My research focuses on the shipboard marine X-band radar, unmanned aerial system (UAS), and satellite synthetic aperture radar (SAR) remote sensing of land–air–sea–ice interaction processes. I have developed Python algorithms to extract wind, internal wave, near-surface current, bathymetry, surface wave, and sea ice drift information, among other products, from radar image sequences and optical video data. My current tasks include the acquisition, near real-time processing, and sharing of marine X-band radar data and oceanographic products on R/Vs Neil Armstrong and Sikuliaq in collaboration with Woods Hole Oceanographic Institution and University of Alaska Fairbanks.

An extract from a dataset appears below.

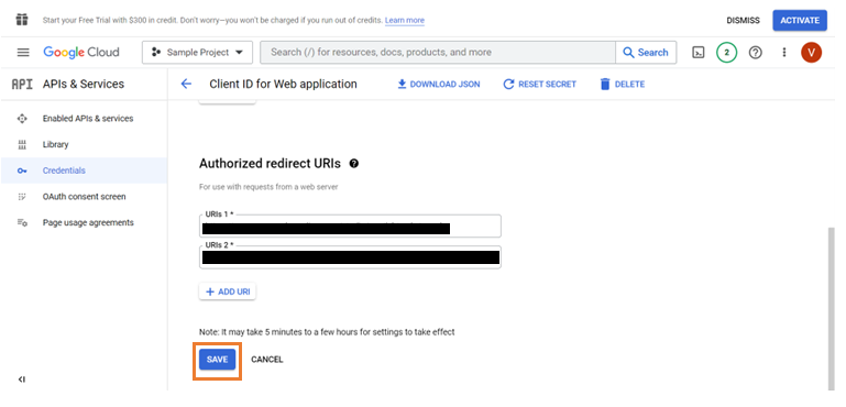 In the Credentials section, enter the Authorized redirect URIs and click Save.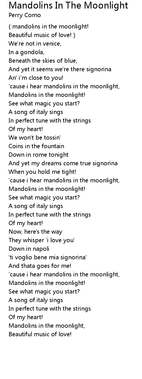 'cause i hear mandolins in the moonlight, |

I received a Diploma in environmental sciences from the University of Lüneburg, Germany, in 2006. During my studies and after graduating I worked in the Software Department at OceanWaveS GmbH, Lüneburg, where I was involved in several national and international research projects on marine X-band radar wave monitoring (2002-2007). I held a position as Visiting Researcher at University of Miami's Rosenstiel School of Marine, Atmospheric, and Earth Science from 2007 to 2009, and then joined the Rosenstiel School's Ph.D. program in Applied Marine Physics, from which I graduated in 2012. From 2012 to 2013 I worked as Postdoctoral Associate in the Department of Ocean Sciences at the Rosenstiel School. More recently, I worked as Assistant Scientist at the Center for Southeastern Tropical Advanced Remote Sensing (CSTARS) from 2013 to 2019, where I presently hold a position as Associate Scientist.

I was a Research Fellow at the NATO Undersea Research Centre in La Spezia, Italy, in 2011, a JSPS Short-term Postdoctoral Fellow at the Japan Agency for Marine-Earth Science and Technology in Yokohama, Japan, 2014, and the recipient of a HIDA Helmholtz Visiting Researcher Grant to visit Helmholtz-Zentrum Hereon in Geesthacht, Germany, 2023. I have been reviewer and served as guest editor for many scientific journals. ​I have coauthored more than 30 peer-reviewed articles in international scientific journals and participated in more than 10 international research cruises and experiments.